Ko no Morono (Taka no Mronao) in the Play Chushingura
- Date:
- 1860s
- Medium:
- Color woodblock print
- Source:
- Art Institute of Chicago
Description
Ko no Morono (Taka no Mronao) in the Play Chushingura, recorded by the Art Institute of Chicago with a date of 1786, gives Utagawa Toyokuni's account of the villain whose insult sets the entire revenge narrative of Chushingura in motion. Renamed Ko no Morono (or Moronao) in the play to avoid direct reference to the historical Kira Yoshinaka, the character is a high-ranking official whose abuse of Lord Enya Hangan ultimately drives the latter to commit ritual suicide and his forty-seven retainers to undertake their famous vendetta. Toyokuni's design treats Morono with the visual rhetoric of [yakusha-e](/glossary/yakusha-e) at its most charged: heavy robes, an exaggerated pose, and facial features that emphasize his arrogance and cruelty. As Edo [ukiyo-e](/glossary/ukiyo-e), the print taps into one of the period's most powerful theatrical franchises.
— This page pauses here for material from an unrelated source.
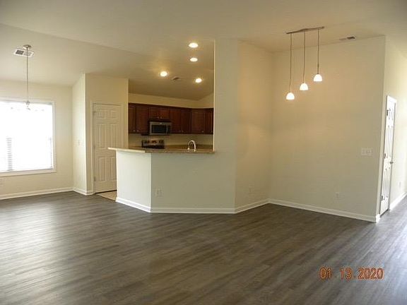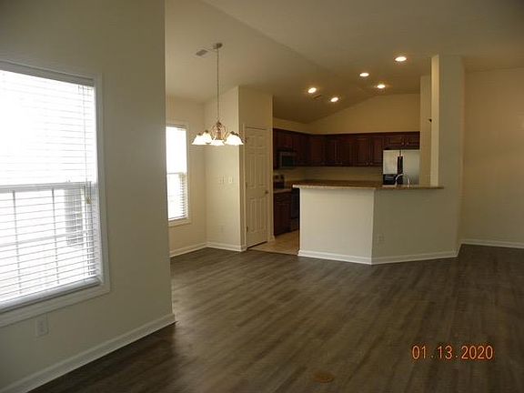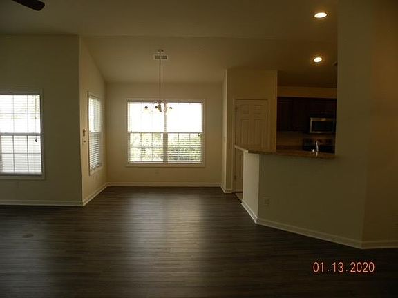 Golf course neighborhood with pool, fitness center, and clubhouse with restaurants, retail, and grocery stores, within 1 mile from community. Home has new flooring. Open floor plan. Screened in porch. Private backyard. Owner pays for HOA dues which includes trash and access to pool and fitness center. Renter is responsible for maintaining landscaping and pays for all utilities (water, sewage, electricity, internet, cable). Laundry room with hook-ups available, renter must provide washer and dryer. No smoking allowed on premises. Small dogs allowed. Parking in garage. Last month rent required with signed 12 month lease. Home is professionally cleaned and must be professionally cleaned prior to departure at end of lease.

Chushingura ran in many versions on the kabuki and joruri stages and was the subject of countless prints in which actors became inseparable from the characters they embodied. Utagawa Toyokuni's role in shaping this iconography was decisive; his actor prints helped establish a vocabulary that later Utagawa designers, including Kunisada, would inherit and extend. The Art Institute of Chicago catalogues the sheet as Toyokuni I, preserving it both as a record of a particular 1780s performance and as one node in the dense network of ukiyo-e prints that built around the Chushingura legend.